Directions for this task = Print them exactly: the lines from the beginning of the entries below through the line that contains "日系純色重磅圓領毛衣男秋冬季新款寬松慵懶風百搭套頭針織衫線衣", and only those, with the pictures left out.

------

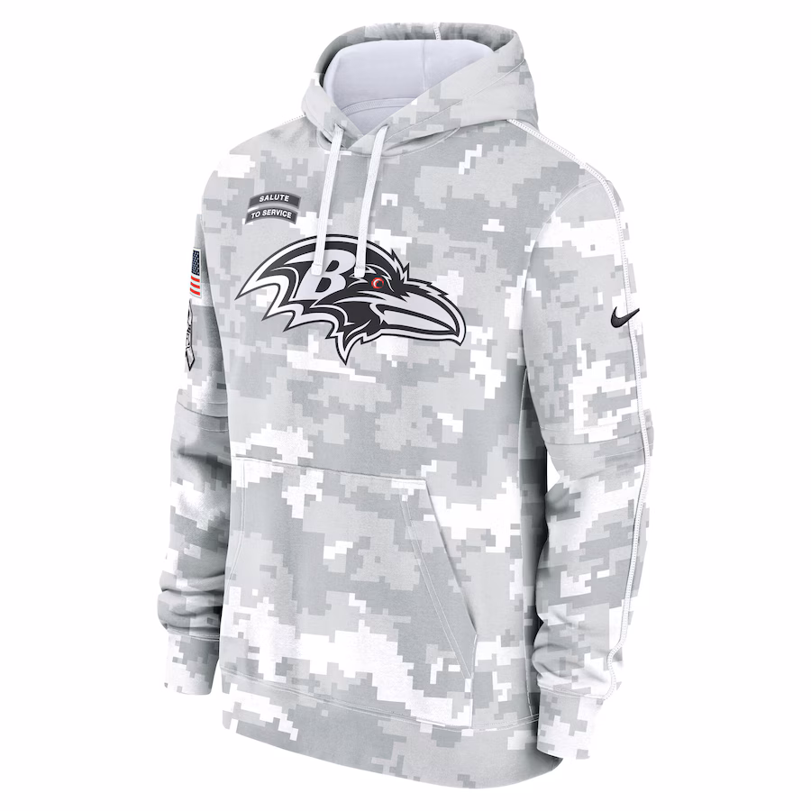 Baltimore Ravens Nike 2024 Salute to Service Club Fleece Pullover Hoodie – Arctic Camo
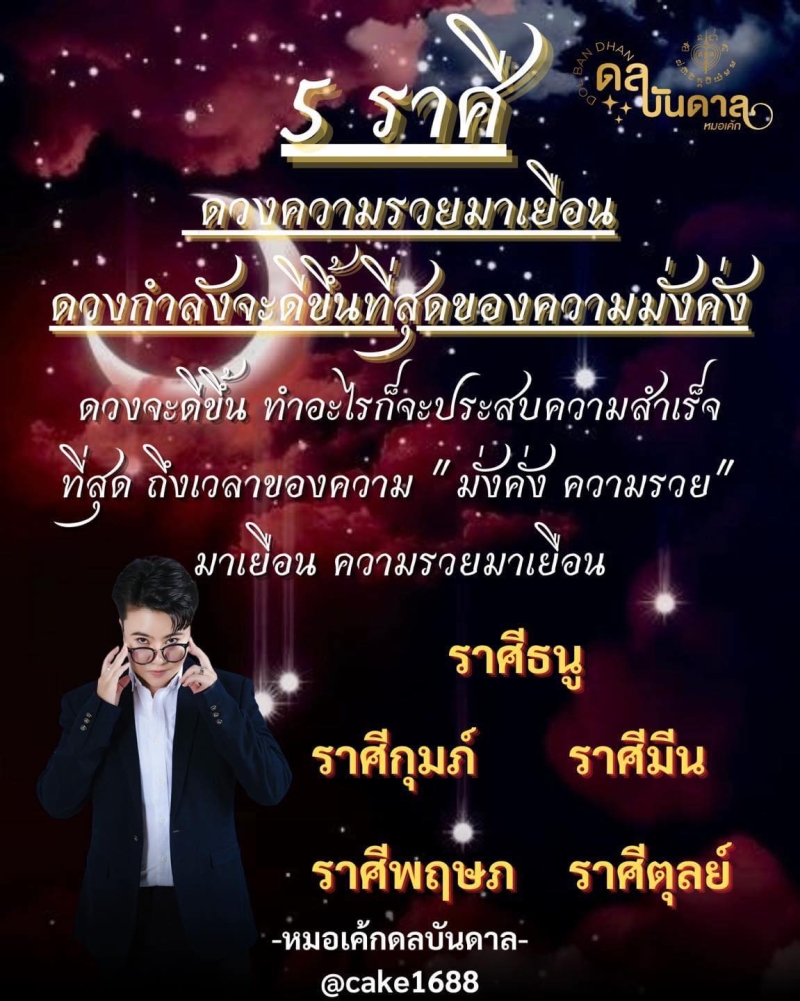 จากกรณีเพจเฟซบุ๊ก Cake The Magic โดยได้ทำนายไว้ดังนี้ 5 ราศีดวงความรวยมาเยือน ดวงกำลังจะดีขึ้นที่สุดของความมั่งคั่ง ดวงจะดีขึ้น ทำอะไรก็จะประสบความสำเร็จที่สุด ถึงเวลาของความมั่งคั่ง ความรวยมาเยือน
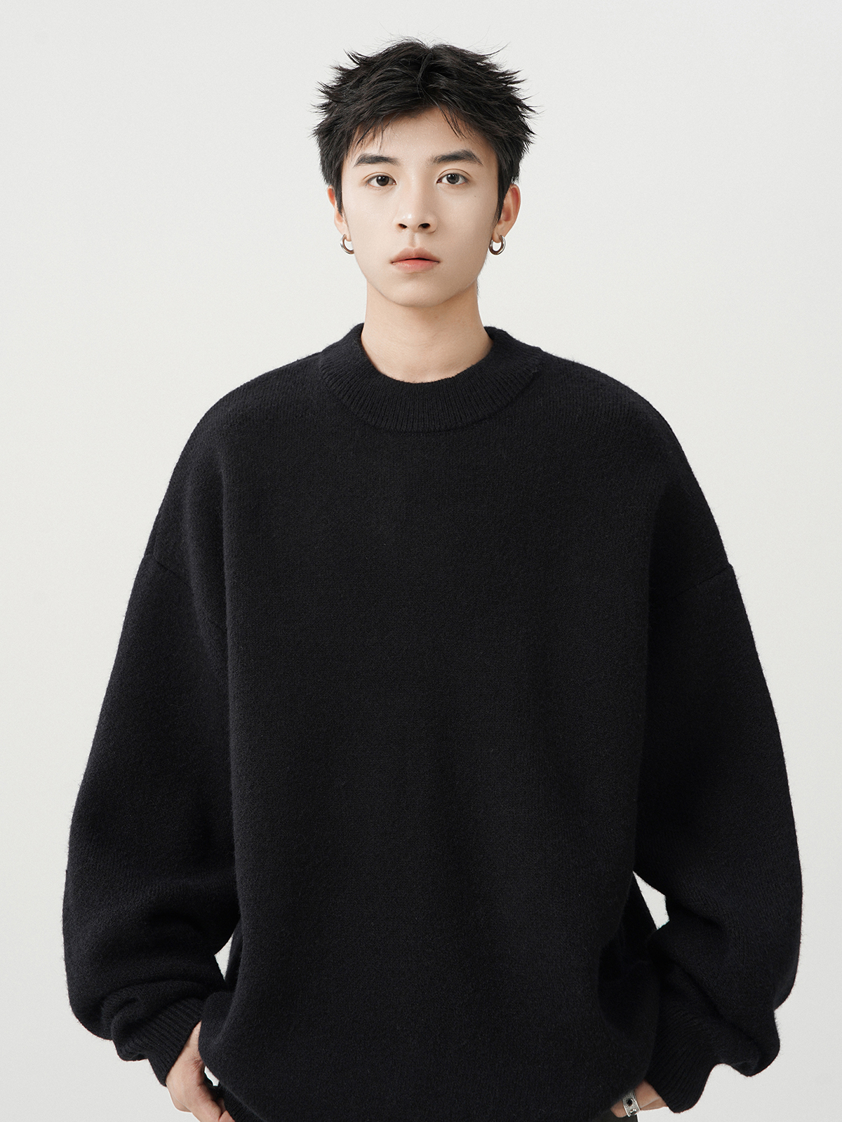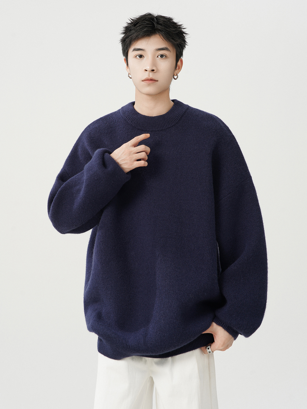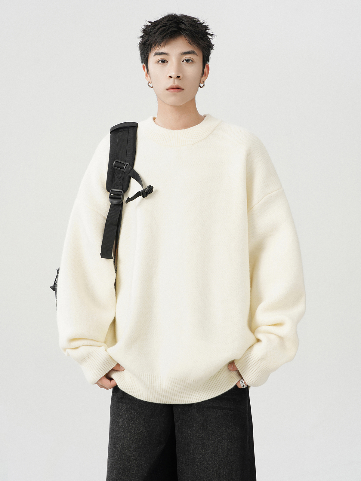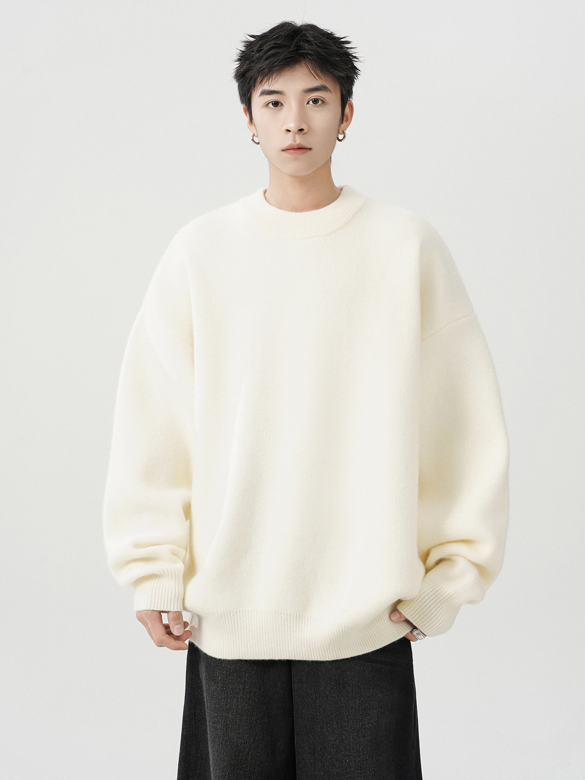 日系純色重磅圓領毛衣男秋冬季新款寬松慵懶風百搭套頭針織衫線衣
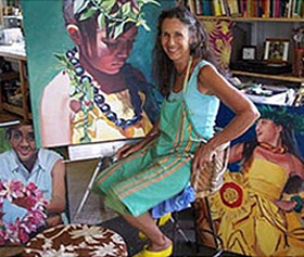 Suzy has a great love for the Hawaiian and Polynesian culture and spends much of her time going to gatherings like the Merrie Monarch Hula Festival, the Taro Festival, Tahiti Fete and the International Canoe Carving Festival. She sees such beauty in the people and wants to record this great renaissance of the Hawaiian culture. Her collectors are many, from local Hawaiians to all lovers of the Polynesian culture. Nainoa Thompson, Navigator of the HokuleÕa is an owner of one of her works. It is her great desire that one learns about and honors this beautiful culture that she lives in and feels very lucky to be a part of.
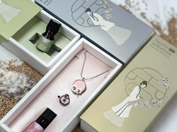 "Ya Xiang Bao" fragrance accessories are inspired by the female imagery in Dream of the Red Chamber. The designs combine the beauty of silverware with the aroma of diffuser stones, incorporating an eco-friendly concept. Made from discarded oyster shell powder, the diffuser stones promote recycling and symbolize the fluidity of nature and emotions.
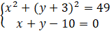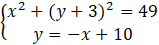 Rozwiąż układ równań, wyznaczając z równania prostej jedną niewiadomą, a następnie podstawiając zmienne do równania okręgu.
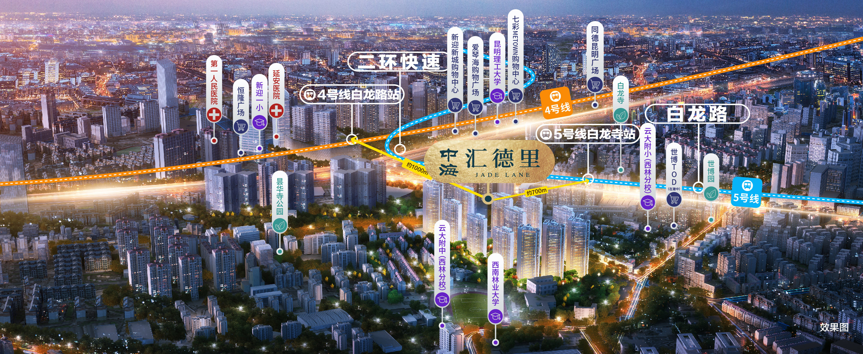 昆明汇德里布局二环白龙板块,拥有爱琴海、新迎新城双MALL配置、同时4/5号线双地铁在侧、三甲医院与教育体系完善,属于昆明核心主城地段。最为难得的是白龙板块基于主城之下,拥有无与伦比的生态资源。昙华寺与世博园,均在汇德里“15分钟舒适生活圈内”。建筑交付易,城市配套交付难。生活是一套完整的体系,购物、医疗、休闲、教育、出行、生态、社交…汇德里认为这套体系,舒适的距离是15分钟。
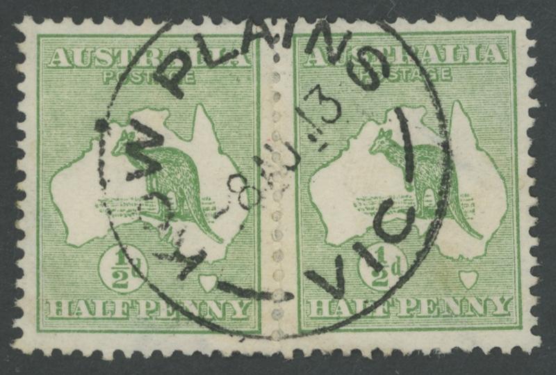 Kow Plains: 'KOW PLAINS/08AU13/VIC' cds largely very fine virtually complete strike on Kangaroos ½d green horizontal pair. Very

------

Solution to the problem =
 Baltimore Ravens Nike 2024 Salute to Service Club Fleece Pullover Hoodie – Arctic Camo
 จากกรณีเพจเฟซบุ๊ก Cake The Magic โดยได้ทำนายไว้ดังนี้ 5 ราศีดวงความรวยมาเยือน ดวงกำลังจะดีขึ้นที่สุดของความมั่งคั่ง ดวงจะดีขึ้น ทำอะไรก็จะประสบความสำเร็จที่สุด ถึงเวลาของความมั่งคั่ง ความรวยมาเยือน
 日系純色重磅圓領毛衣男秋冬季新款寬松慵懶風百搭套頭針織衫線衣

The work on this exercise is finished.